2.2. [appellante] betoogt dat de voorzieningenrechter heeft miskend dat het college de bouwvergunning tweede fase niet had mogen verlenen, omdat de bouwvergunning eerste fase ten onrechte is gebaseerd op een watertoets die uitgaat van een onjuist grondwaterpeil. Voorts betoogt zij dat het bouwplan in strijd is met het bestemmingsplan en dat van dat plan ten onrechte vrijstelling is verleend. Verder voert zij aan dat de voorzieningenrechter heeft miskend dat de artikelen 4.2, 4.5 en 4.7 van de bouwverordening 2003 van de gemeente Strijen zijn overtreden, nu ontgravingswerkzaamheden, grondverbeteringswerkzaamheden en open bemaling hebben plaatsgevonden alvorens de daarvoor benodigde vergunningen onherroepelijk waren verleend en zonder dat beschermende maatregelen zijn genomen.
2.2.1. Gelet op artikel 56a, derde lid, van de Woningwet, gelezen in samenhang met artikel 44, eerste lid, onderdeel a en b, van die wet, zijn slechts het Bouwbesluit 2003 en de niet-stedenbouwkundige voorschriften van de bouwverordening van belang voor het antwoord op de vraag of het college de bouwvergunning tweede fase terecht heeft verleend.
Voor zover de door [appellante] aangevoerde gronden niet met het Bouwbesluit 2003 of voormelde voorschriften van de bouwverordening in verband staan, doch zijn gericht op aspecten die een onderdeel vormen van het toetsingskader van de bouwvergunning eerste fase, behoeven deze gronden hier geen bespreking nu het besluit tot verlening van bouwvergunning eerste fase thans niet in geschil is en bovendien in rechte onaantastbaar is.
Voor zover het betoog van [appellante] zo moet worden begrepen dat de voorzieningenrechter heeft miskend dat het bouwplan in strijd is met de artikelen 4.2, 4.5. en 4.7 van de bouwverordening, wordt overwogen dat die bepalingen geen voorschriften betreffen die bij de beoordeling van een bouwaanvraag in acht dienen te worden genomen, doch betrekking hebben op plichten tijdens en bij voltooiing van de bouw.
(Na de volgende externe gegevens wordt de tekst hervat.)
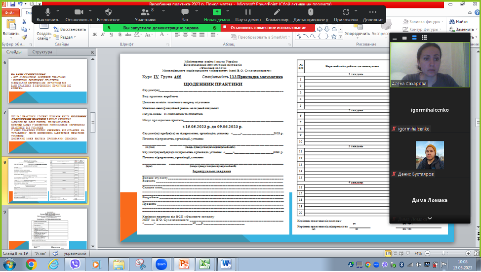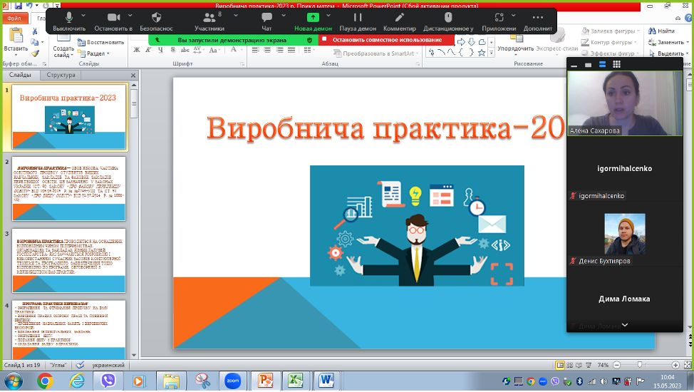 Під час зустрічі керівник практики І. В. Михальченко та заступник директора з навчальної роботи О. М. Сахарова ознайомили присутніх із завданнями практики, переліком звітної документації, формою звітності, датою проведення підсумкової конференції та формою контролю, проінформували здобувачів фахової передвищої освіти з питань нормативно-правового забезпечення практики, провели інструктаж з техніки безпеки та охорони праці з урахуванням дистанційного навчання.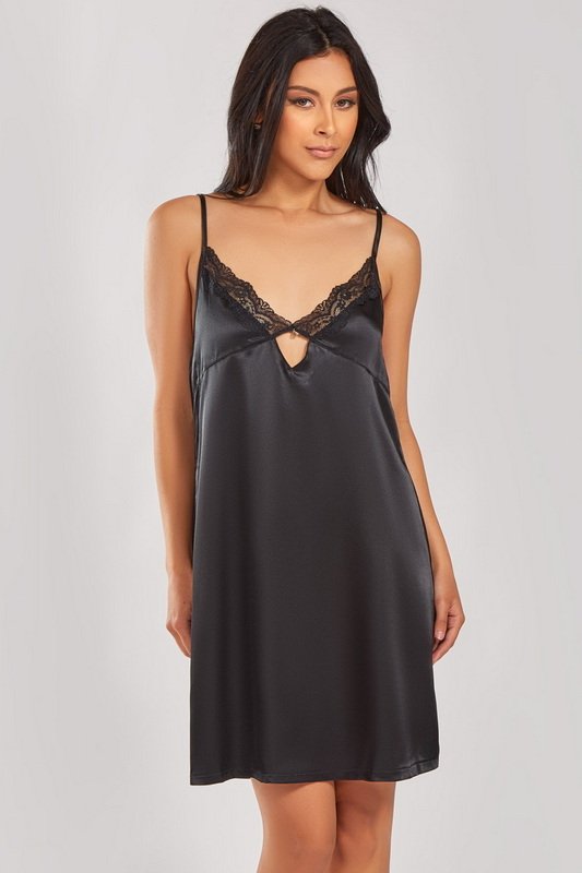 Satin chemise with lace trim cups, front keyhole cutout and spaghetti straps.

De voorzieningenrechter heeft dan ook terecht geen grond gevonden voor het oordeel dat deze voorschriften in de onderhavige procedure een rol spelen.
In hetgeen [appellante] overigens heeft aangevoerd kan evenmin grond gevonden worden voor het oordeel dat het college bij het besluit op bezwaar de bouwvergunning tweede fase ten onrechte heeft gehandhaafd. De voorzieningenrechter heeft terecht geen grond gevonden voor een ander oordeel.
2.3. Het hoger beroep is ongegrond. De aangevallen uitspraak dient te worden bevestigd.
2.4. Voor een proceskostenveroordeling bestaat geen aanleiding.
De Afdeling bestuursrechtspraak van de Raad van State
Recht doende in naam der Koningin:
bevestigt de aangevallen uitspraak.
Aldus vastgesteld door mr. C.M. Ligtelijn-van Bilderbeek, voorzitter, en mr. S.F.M. Wortmann en mr. C.J.M. Schuyt, leden, in tegenwoordigheid van mr. A.M.L. Hanrath, ambtenaar van Staat.